To enable alerting for nodes and clusters:

  1. Click a particular service.

  2. Click the Enable notifications for this service link within the Service Commands panel as shown below.

    _images/nagios_enable_notifs.png

There is a direct dependency between the configuration of the passive checks in Nagios and the configuration of the alarms in the Collectors. For details, see the Configuring alarms section in the StackLight Collector documentation. A change in /etc/hiera/override/alarming.yaml or /etc/hiera/override/gse_filters.yaml on any of the nodes monitored by StackLight would require reconfiguring Nagios. It also implies that these two files should be maintained rigorously identical on all the nodes of the environment including those where Nagios is installed. StackLight provides Puppet artifacts to help you out with that task. To reconfigure the passive checks in Nagios when /etc/hiera/override/alarming.yaml or /etc/hiera/override/gse_filters.yaml are modified, run the following command on all the nodes where Nagios is installed:

# puppet apply --modulepath=/etc/fuel/plugins/\
lma_infrastructure_alerting-<version>/puppet/modules:/etc/puppet/modules \
/etc/fuel/plugins/lma_infrastructure_alerting-<version>/puppet/manifests/nagios.pp

Configuring service checks using the InfluxDB metrics

You could also configure Nagios to perform active checks, which are not performed by StakLight by default, using the metrics stored in InfluxDB’s time-series. For example, you could define active checks to be notified when the CPU activity of particular process is too high.

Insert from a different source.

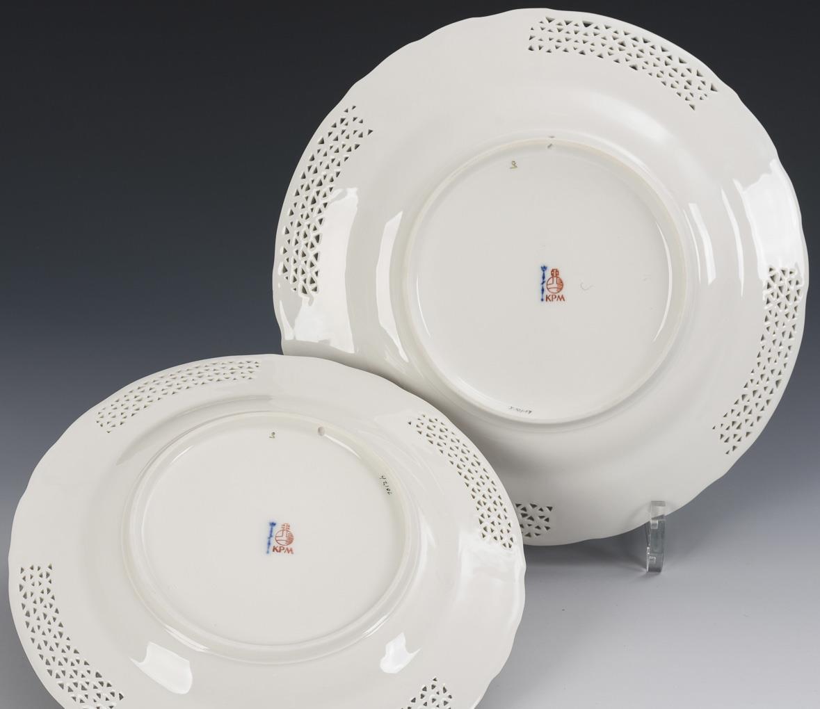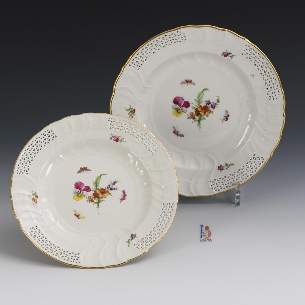 2 Dessertteller mit Blumen- und Insektenmalerei. KPM Berlin.
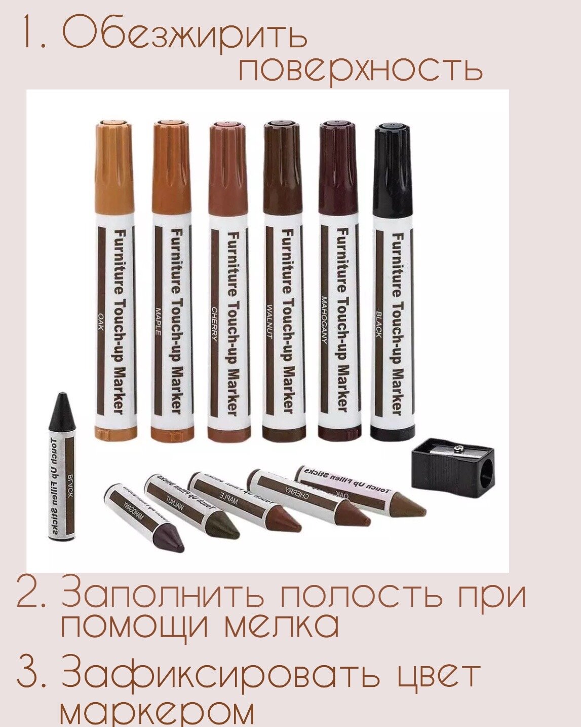 Отзывы на Набор для реставрации и ремонта мебели и ламината, мебельный маркер и воск 6 цветов

Consider the following scenario:

  • You want to monitor the Elasticsearch server.
  • The CPU activity of the Elasticsearch server is captured in a time-series stored in InfluxDB.
  • You want to receive an alert at the ‘warning’ level when the CPU load exceeds 30% of system activity.
  • You want to receive an alert at the ‘critical’ level when the CPU load exceeds 50% of system activity.

The steps to create such alarms in Nagios are as follows:

  1. Connect to each of the nodes running Nagios.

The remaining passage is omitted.